### [Data provided]
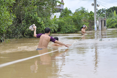 Ngập khắp nơi, dân Đồng Nai bám dây về nhà
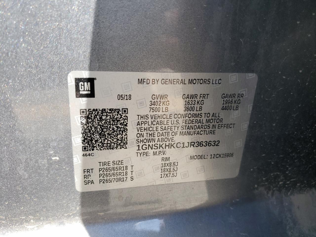 CHEVROLET SUBURBAN 5.3 2018 р.в., 4x4 з заднім приводом (1GNSKHKC1JR363632) з США
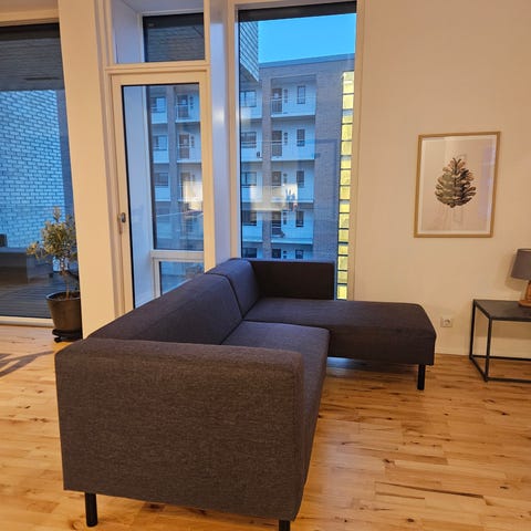Fin 3-personers sofa med chaiselong mod høre. Den er cirka 230 x 145 cm (målt med chaiselong).
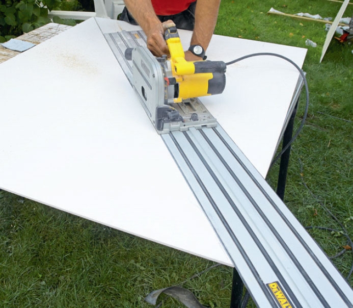 Skivorna är hårda att såga i, så använd t.ex. en diamantklinga. Dammet är mycket fint; därför bör du använda mask och gärna en såg med uppsamlingsfunktion. Skivorna monteras vanligen med utomhusskruvar eller särskilda clips.
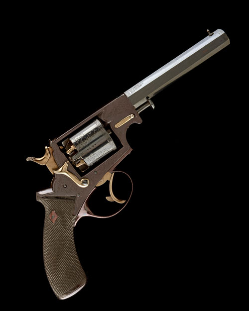 possibly also being the date and possibly the work of Francotte of Liege, with octagonal 6in. barrel, engraved band at muzzle, scroll engraving to the breech, border and scroll engraved top-strap with vacant banner to centre, plain cylinder with engraved band around leading edge and scroll engraved panels over each chamber, borderline and scroll engraved frame, engraved back-strap and pommel-cap, chequered walnut one-piece grip, scroll engraved trigger-guard bow and fitted with a Brazier-style rammer to the left side of barrel, the whole refinished with slight loss to engraved detail
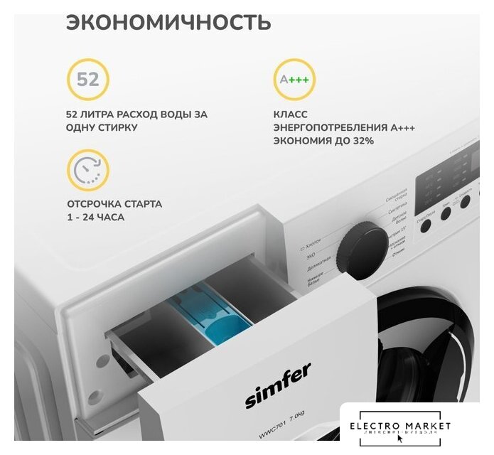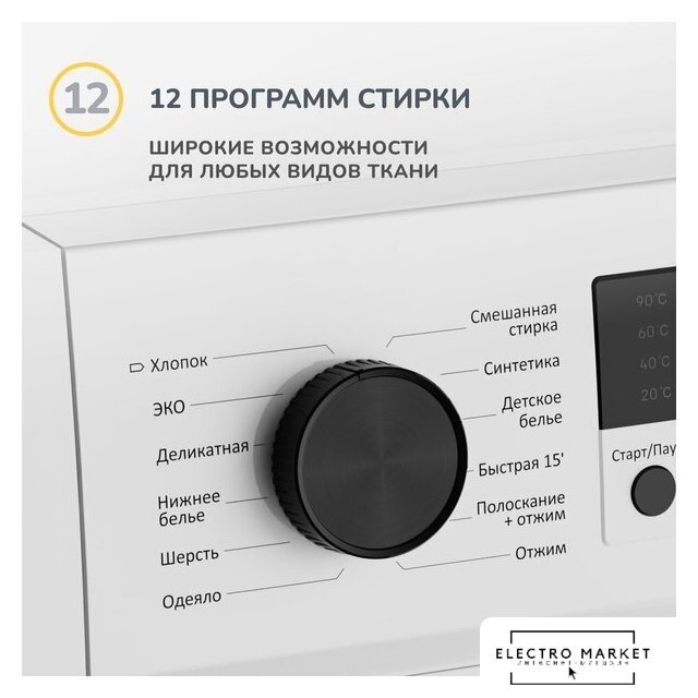 | Все программы | Хлопок; ЭКО; Деликатная; Нижнее белье; Шерсть; Одеяло; Смешанная стирка; Синтетика; Детское белье; Быстрая 15′; Полоскание + Отжим; Отжим |

### [What to produce]
Your answer should consist of the lines above between those holding "CHEVROLET SUBURBAN 5.3" and "Skivorna är hårda", inclusive, reproduced word for word and without pictures.

### [Solution below]
 CHEVROLET SUBURBAN 5.3 2018 р.в., 4x4 з заднім приводом (1GNSKHKC1JR363632) з США
Fin 3-personers sofa med chaiselong mod høre. Den er cirka 230 x 145 cm (målt med chaiselong).
 Skivorna är hårda att såga i, så använd t.ex. en diamantklinga. Dammet är mycket fint; därför bör du använda mask och gärna en såg med uppsamlingsfunktion. Skivorna monteras vanligen med utomhusskruvar eller särskilda clips.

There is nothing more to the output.